In the early morning hours before the sun was up, a man quietly crept into my bedroom. I was asleep on my right side facing the wall when he slipped his arm under the pillow and grabbed my jaw. Terrified, I began screaming and he told me to shut up or he’d kill me. He shoved my face into the pillow so I couldn’t see him and he raped me.
My mind closed off what was happening to me and I lay silent. When he finished, he reached for the other pillow and I was convinced suffocation was next. These were my last moments of life, I thought, as he placed the other pillow over the back of my head.

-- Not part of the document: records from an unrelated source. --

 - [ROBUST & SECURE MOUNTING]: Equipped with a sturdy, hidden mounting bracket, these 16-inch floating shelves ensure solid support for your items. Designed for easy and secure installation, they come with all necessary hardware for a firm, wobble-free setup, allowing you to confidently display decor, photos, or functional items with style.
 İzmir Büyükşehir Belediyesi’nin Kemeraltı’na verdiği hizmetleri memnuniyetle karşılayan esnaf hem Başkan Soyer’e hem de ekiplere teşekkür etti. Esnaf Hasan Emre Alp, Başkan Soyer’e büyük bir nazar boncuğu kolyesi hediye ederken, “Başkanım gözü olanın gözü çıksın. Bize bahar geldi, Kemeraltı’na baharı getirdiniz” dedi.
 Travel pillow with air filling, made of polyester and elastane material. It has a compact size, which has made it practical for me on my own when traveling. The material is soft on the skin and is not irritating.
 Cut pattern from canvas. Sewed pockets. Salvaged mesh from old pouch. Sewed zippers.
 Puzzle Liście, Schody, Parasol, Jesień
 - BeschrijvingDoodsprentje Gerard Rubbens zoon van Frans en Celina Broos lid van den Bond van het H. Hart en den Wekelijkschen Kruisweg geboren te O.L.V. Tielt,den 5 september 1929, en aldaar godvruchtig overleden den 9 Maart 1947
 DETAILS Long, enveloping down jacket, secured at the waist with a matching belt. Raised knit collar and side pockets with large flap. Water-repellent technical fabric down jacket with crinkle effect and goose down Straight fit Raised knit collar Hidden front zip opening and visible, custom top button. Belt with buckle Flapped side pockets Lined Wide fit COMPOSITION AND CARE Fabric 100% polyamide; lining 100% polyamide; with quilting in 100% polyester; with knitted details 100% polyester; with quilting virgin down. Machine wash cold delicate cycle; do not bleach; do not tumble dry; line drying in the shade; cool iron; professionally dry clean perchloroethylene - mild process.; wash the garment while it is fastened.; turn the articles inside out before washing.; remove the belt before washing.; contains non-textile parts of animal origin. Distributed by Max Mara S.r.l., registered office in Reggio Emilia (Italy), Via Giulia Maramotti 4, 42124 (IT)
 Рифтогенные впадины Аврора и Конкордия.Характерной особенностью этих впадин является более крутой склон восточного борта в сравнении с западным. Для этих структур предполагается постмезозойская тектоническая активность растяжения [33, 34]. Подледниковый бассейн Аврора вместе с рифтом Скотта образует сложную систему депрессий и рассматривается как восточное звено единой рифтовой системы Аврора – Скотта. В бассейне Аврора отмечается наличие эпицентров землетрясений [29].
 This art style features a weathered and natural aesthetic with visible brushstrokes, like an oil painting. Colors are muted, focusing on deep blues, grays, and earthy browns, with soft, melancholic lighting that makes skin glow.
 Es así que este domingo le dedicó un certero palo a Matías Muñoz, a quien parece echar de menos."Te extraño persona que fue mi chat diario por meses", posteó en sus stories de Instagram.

Surprisingly, he backed off the bed, ripped out the phone, and he was gone. Still frozen in fear, I listened for any noises thinking he might be in the other room waiting for me. Trembling, I cautiously made my way toward the living room and found the front door open; I quickly shut and locked it. I turned around and hoped for a dial tone on the phone in the dining room. I grabbed the receiver.
I called my sister and tried to utter what had just happened to me, but I was too hysterical. I took a deep breath and said, “I’ve just been raped.” She yelled for me to hang up so she could call the police. In a matter of moments my mom, my sister and two police officers were standing in my living room talking to each other while I quietly sat on the edge of the bed. The officers drove me to the hospital to have the rape kit performed, and after the exam, I was released.
Two detectives came to the door of my sister’s house where I was staying to ask questions while my mind was fresh. Soon after they left, the phone began to ring from co-workers and friends wanting to know if I was okay.
I reached out for help and talked to a counselor at work in our care services. She educated me about trauma, something I knew nothing about until then. I was her first rape case and she promised she would help me through this. My friends couldn’t cope with what happened and they abandoned me; my family was in shock and other than my counselor, I was alone. It was nearing the end of August—mental and physical exhaustion were obvious just looking at me, so I went home early that day to plan my suicide. Because of my sister’s vigilance, she recognized I was in trouble and called my counselor who arranged for admission to a psychiatric hospital.